【校長としての心構え(8)】合意形成をすることの大切さ その2

元東京都立西高等学校長 石井 杉生
この連載の一覧

意見の分岐点が明らかになるまで掘り下げる

話し合いを意義あるものにするために

前回は、「進路ノート」を導入しようとする人と、それに反対の人の意見の対立について述べた。

根底にあるのは主体性をどう育てるか、を巡る意見対立であった。自主性や主体性をどのように育成していくかはなかなか難しいテーマだと思う。自由に、好きなようにやらせることを主体性の育成とは言えないだろう。かといって、あれこれと面倒を見すぎるのも問題がある。

そこで、「進路ノート」を作成することが生徒たちの自主性や主体性を阻害するのかどうかを考えてみた。

熱心に学年進路通信を出していた学年の生徒たちが、他の学年の生徒たちと比べて自発的・主体的でなかったわけでは全くない。これは、「進路ノート」を作ったとしても自主性や主体性を阻害しないことの大きな証拠になると見なした。

むしろ「進路ノート」を使っていろいろ課題を出したり、自分の考えを整理させたりするのを通して、生徒たちが啓発されていくだろうと考えた。

反対派は、この部分を「啓発される」のではなく、「やらされることで主体性をなくす」と考えるから反対しているのだと理解できた。

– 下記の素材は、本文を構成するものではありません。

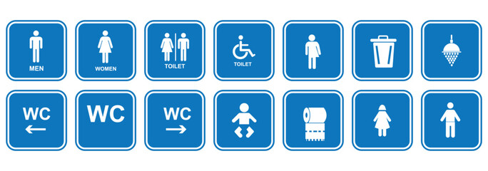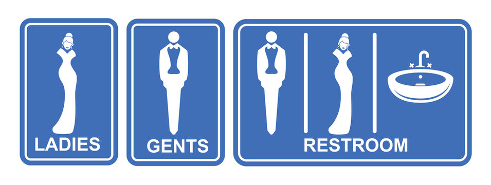 Restroom sign icon clipart set. Ladies and gentlemen toilet signages clip art in blue signboard collection for public and private pictogram vector illustration.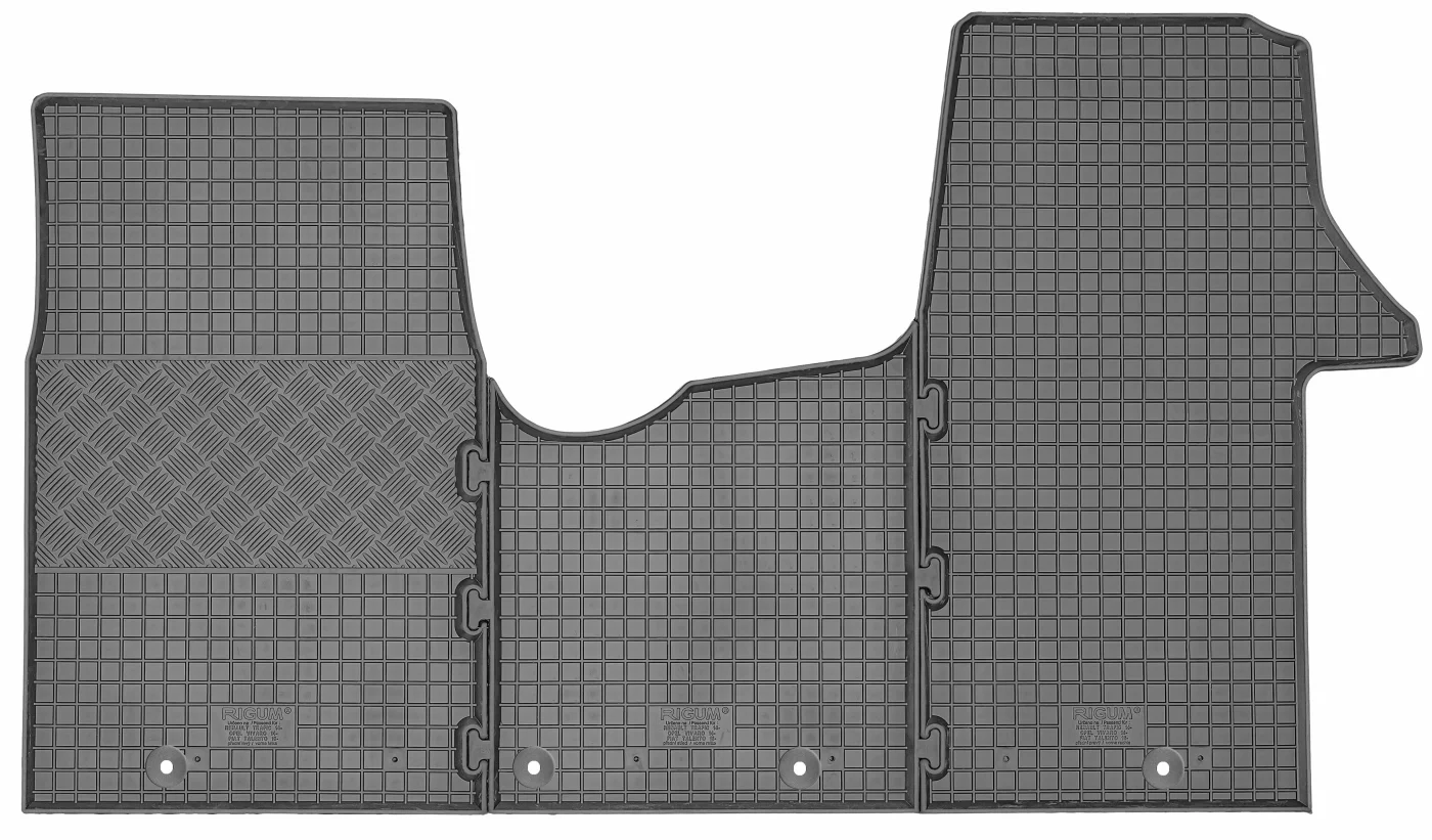 Przedmiotem oferty jest komplet dywaników renomowanej czeskiej firmy RIGUM idealnie dopasowanych do kształtu płyty podłogowej samochodu z delikatnym brzegiem ochronnym oraz strukturą kratki.
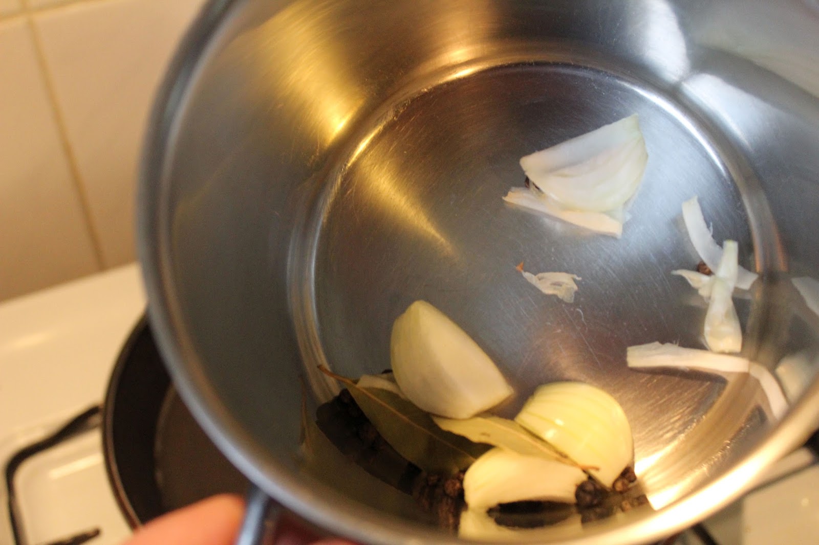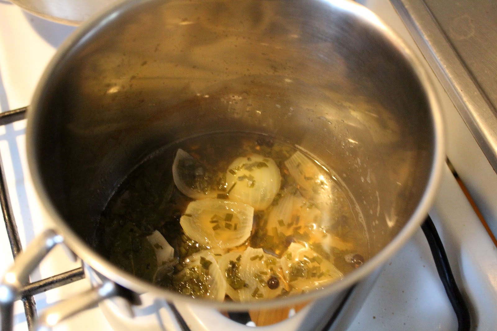 In die Reduktion kommen hinein, eine Zwiebel, oder noch besser eine Schalotte, zwei Lorbeerblätter, 2 Wacholderbeeren, 10 Pfefferkörner, Salz (erstmal vorsichtig), sowie 250 Milliliter Weißwein (trocken)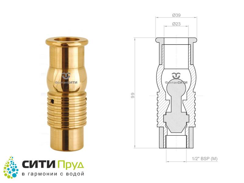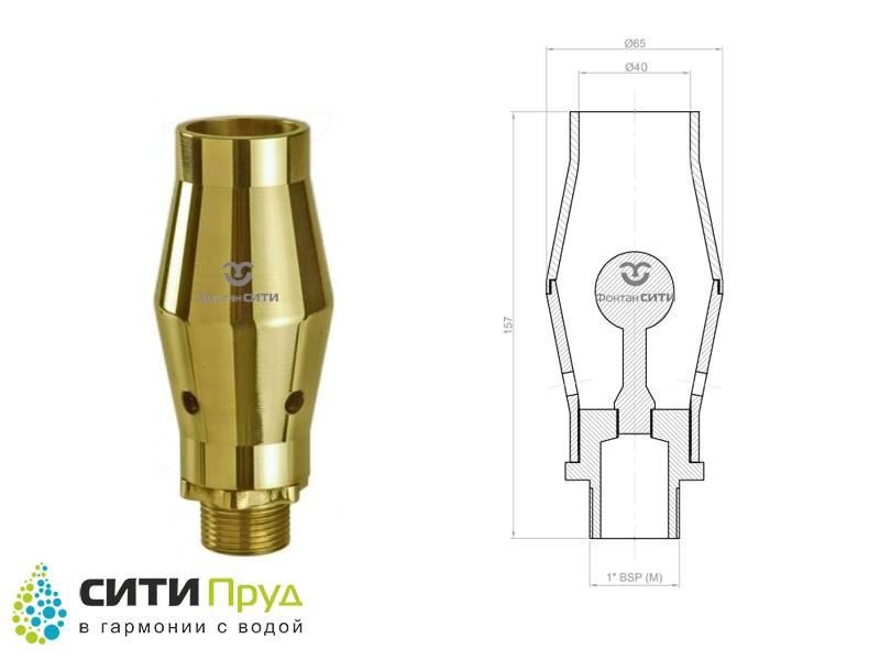Данная насадка предназначена для создания плотной и насыщенной пузырьками воздуха струи воды. Подобный эффект создается за счет уникального способа подсоса воздуха и насыщения водного потока кислородом. Для применения в составе различных водных распределителей, наиболее часто используются насадки с диаметром сопла от 23 до 75 мм.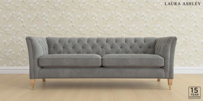 6.12.1 Buy Chatsworth Button Back by Laura Ashley 4 Seater Sofa Wooton Dark Steel Grey Straight Brass Castor - Light Oak from the Laura Ashley online shop Click here to use our website with more accessibility support, for example screen readers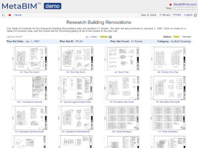 Searchable archive of large format A/E/C drawings, indexed by location and project. |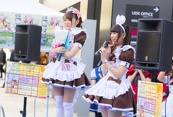 秋葉原で15年の老舗『@ほぉ〜むカフェ』のミニスカートのメイドさん=秋葉原の屋外イベントにて
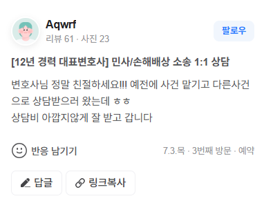 변호사님 정말 친절하세요!!! 예전에 사건 맡기고 다른사건으로 상담받으러 왔는데 ㅎㅎ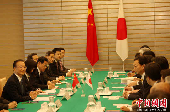 5月31日,中国总理温家宝在东京与日本首相鸠山由纪夫举行会谈。双方同意,重建两国总理热线,正式启动落实东海问题原则共识的政府间换文谈判。中新社发 周兆军 摄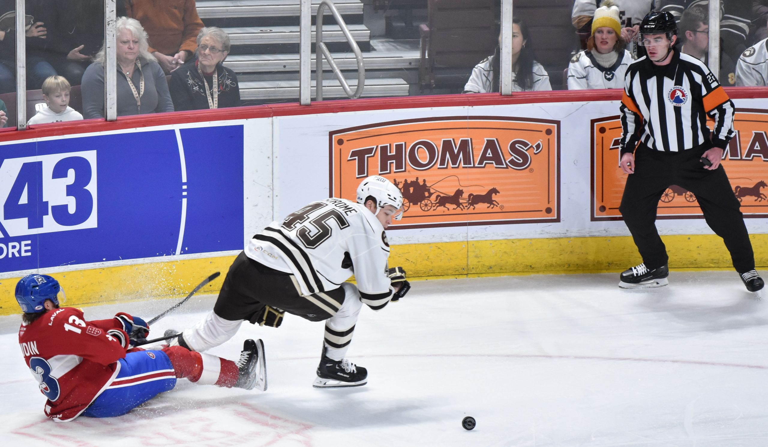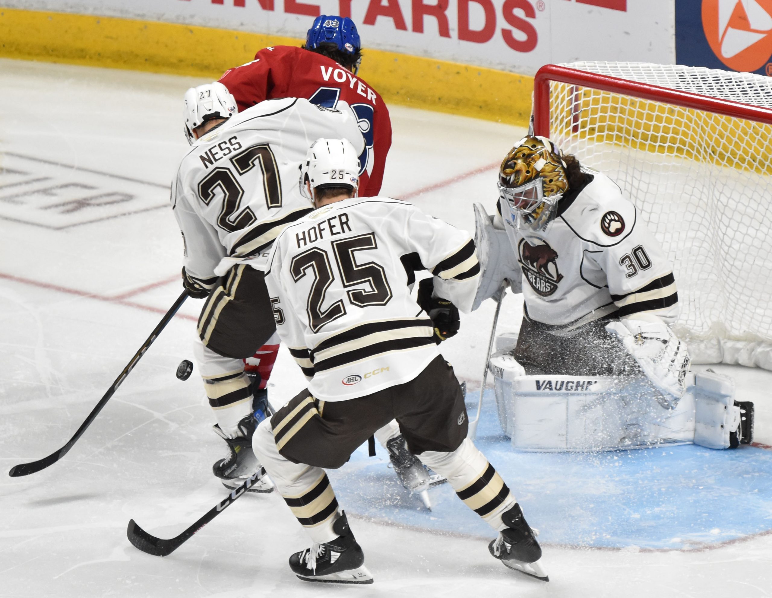 Roe then helped set up Hershey’s third goal of the frame, holding the puck in the offensive zone off a Laval clearing attempt on a Bears power play. Roe then moved it along to Ivan Miroshnichenko, who found Lapierre at the left circle, where it was sent back to Miroshnichenko, who buried his eighth of the season at 19:16 to close out the stanza, in which Hershey out-shot its opponents by a 14-5 margin, tying for the team’s largest shot differential in the first period this season.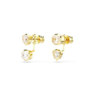 Imber ear jacket earrings, Asymmetric design, Mixed sizes, White, Gold-tone plated

しかし、私から見れば、規制されずに好きなことをやっている生徒は、一見主体的なように見えるが、単なるわがままに近いものである。前回触れた「守破離」の「守」(=守らなければならない基本)を学校が作り、一つの価値観を示さなければ、それを乗り越えて大きな人間にはなれないと考えた。

そこで、「進路ノート」導入後の生徒の自主性や主体性がどうなっていくかを注意深く見つめることを条件に、最終的には私の考えた通りに決定した。決定の前に考え方の違いを説明したのがよかったのか、その後、声高に反対する人はいなくなったし、「進路ノート」は次の学年から順調に導入されるようになった。もちろん内心では納得していない人もいたのだろうが、表面的には合意形成がなされたと考えられる。

職員会議の活用

これら一連の経緯の中で、職員会議の使い方についても難しいと感じた。職員会議が必要ないと言っているのではない。

校長時代に、会議の精選を検討したとき、一時職員会議の廃止も俎上(そじょう)に載ったが、廃止する気は毛頭なかった。2週間に1回、時間にして1時間弱しかないが、職員会議で職員全員に会うのがとても楽しみだった。ただ、議論の場として有効に活用するのは難しい、ということである。

私は教員として13年都立高校におり、その後15年教育行政にいたので、校長に赴任したときに記憶にあった職員会議といえば、多数決による決定方法が主流の、昔ながらのスタイルであった。

昔を思い出しても、残念ながらあまり有効な議論がされていたようには思えない。会議に参加する人が、意見の対立を乗り越えて合意形成をしようとする態度があまり見られなかったからである。

一つ一つの意見の中には傾聴に値する主張がないわけではないが、それらの議論が交わされたときに、さらに高い次元での、それまで思い付かなかったような素晴らしい合意がなされた経験をしたことはない。どちらかというと自分の意見を声高に主張するのに終始していたように思う。

合意形成が難しかったので、結局多数決で決める以外に終わりがない状態だったのだろう。多数決決定が禁止された現在、職員会議の有効性を高められる好機かもしれない。

意見の分岐点が明らかになるまで議論を掘り下げ、賛成はできなくとも、その考え方があることを認められる所まで話を煮詰める努力を、お互いがしていくべきだと思う。